Purification

The treatment of wastewater coming from the territory is an important phase for BrianzAcque in the management of the water cycle that, as a final act, returns a precious resource like water to the environment, contributing to the protection of our rivers and to the improvement of the health status of their waters.

With over 70,3 million cubic metres of sewage purified and reintroduced into the watercourses, around 800,000 inhabitants served and residing in 33 municipalities, the service, concentrated in the two plants of Monza and Vimercate, are an efficient management system capable of allowing high economies of scale and the possibility of applying the most advanced technologies available on the market. Energy management, the continuous attention to the monitoring of wastewater from the territory with particular attention to production discharges, the recovery of resources, the reuse of sewage sludge and air deodorisation are all important activities that consist in the assets of our daily work aimed at minimising the impact on the environment.
 

Purification
In numbers

877,888
inhabitants served

2
purification plants
managed

66 million m3 of purified water

2
The stages of purification

The BrianzAcque purification plants require that the waste water (of civil and industrial origin) reaches the biological reactor with "activated sludge" after initially undergoing physical pre-treatment aimed at separating the solid components consisting of coarse material (through physical screening), sand (through desanding) and the oils and fats (through de-oiling) from the sewage, then subjected to a process of sedimentation of the pollutant component suspended in the sewage (primary sedimentation).

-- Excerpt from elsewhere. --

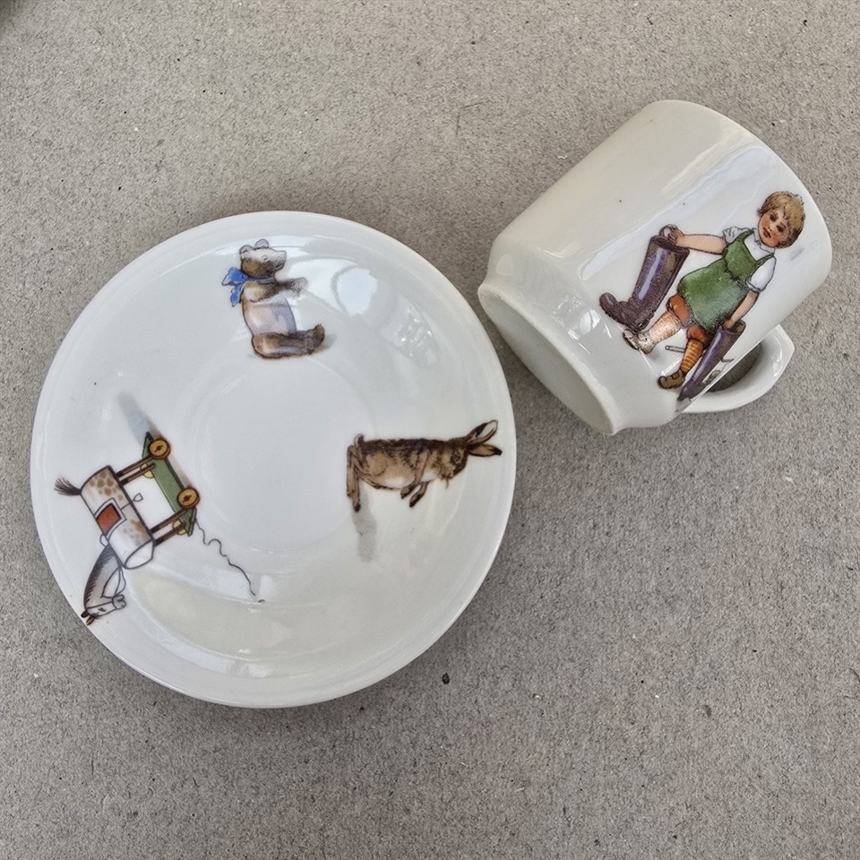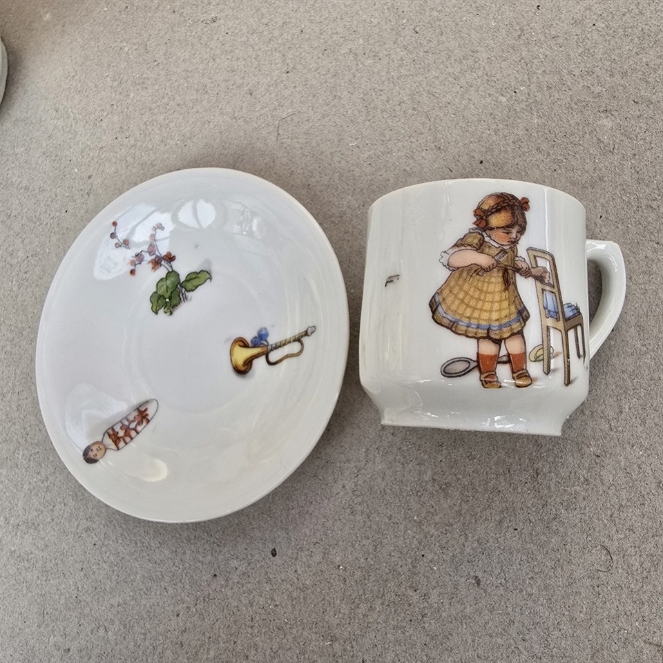 Giv dine børns te-selskaber et strejf af charme med vores "Dukke Porcelæns Retro Kaffestel med Børnefigurer"!

The heart of the "activated sludge" process is the biological treatment of the sewage: this treatment is carried out by micro-organisms in the form of muddy flakes in suspension in the biological oxidation tanks.

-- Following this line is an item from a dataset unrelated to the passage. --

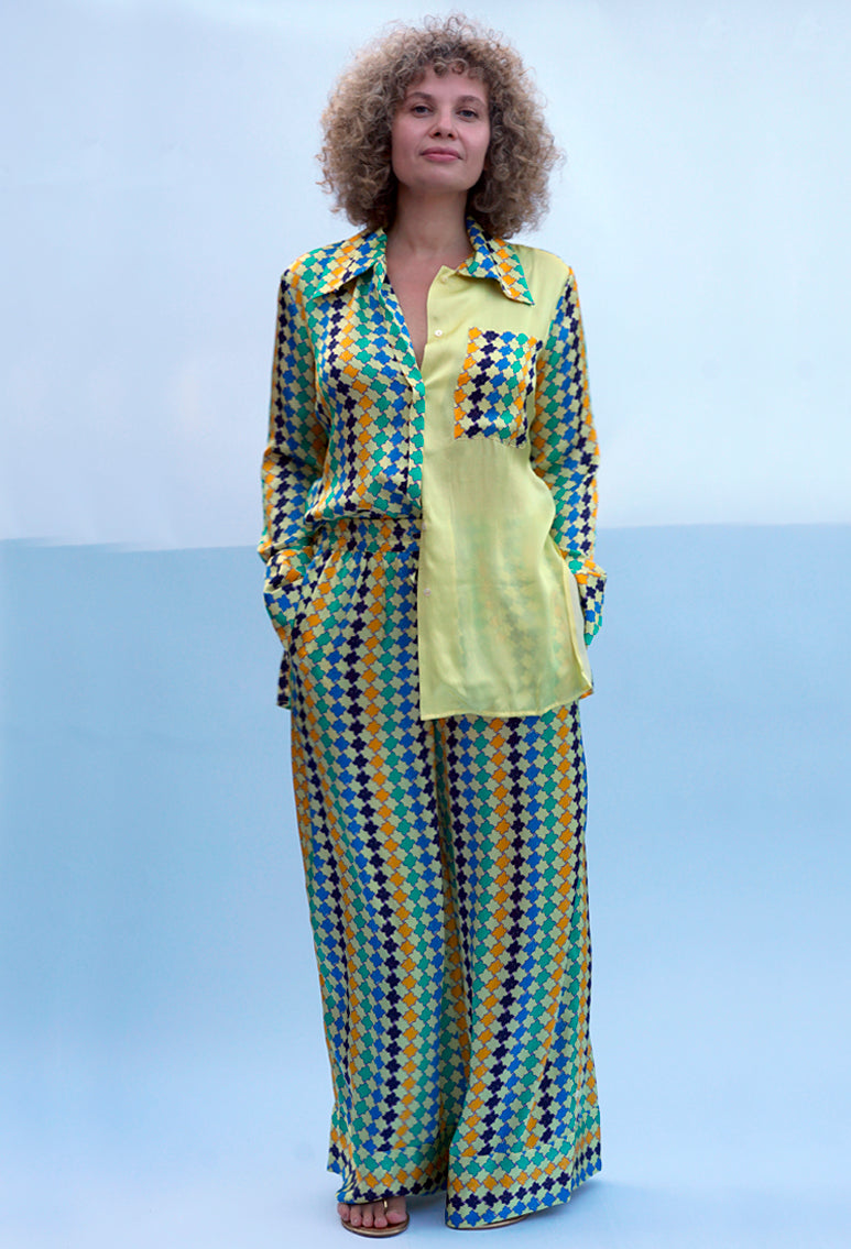 DIANA HOUNDSTOOTH SILK PANT YELLOW

The micro-organism population (bacteria, protozoa, metazoa, rotifers, etc.) grows and reproduces continuously inside the oxidation tank thanks to the use of organic carbon and nutrients (nitrogen and phosphorus) in the wastewater to be treated.

This process of bacterial growth and reproduction makes it possible to remove the forms of pollutants dissolved in the sewage (nutrients and organic molecules) by concentrating them in the "activated sludge" made of the products of cellular metabolism and the bacterial mass.

The mixture coming out of the oxidation tank (activated sludge and treated effluent) is sent to secondary sedimentation, where the activated sludge flakes are separated from the purified effluent by decantation, which is sent for final treatment, while the sludge recirculates in the biological oxidation tank and is partly continuously extracted as a surplus sludge to be sent for treatment and disposal.

It is necessary to specify that within this process, chemical reagents are also used to assist the nutrient removal process (chemical de-phosphitylation) and that the purified effluent, before being discharged into the receiving body, undergoes tertiary filtration and disinfection treatments (by UV or peracetic acid dosage), the latter being necessary to remove the residual bacterial load.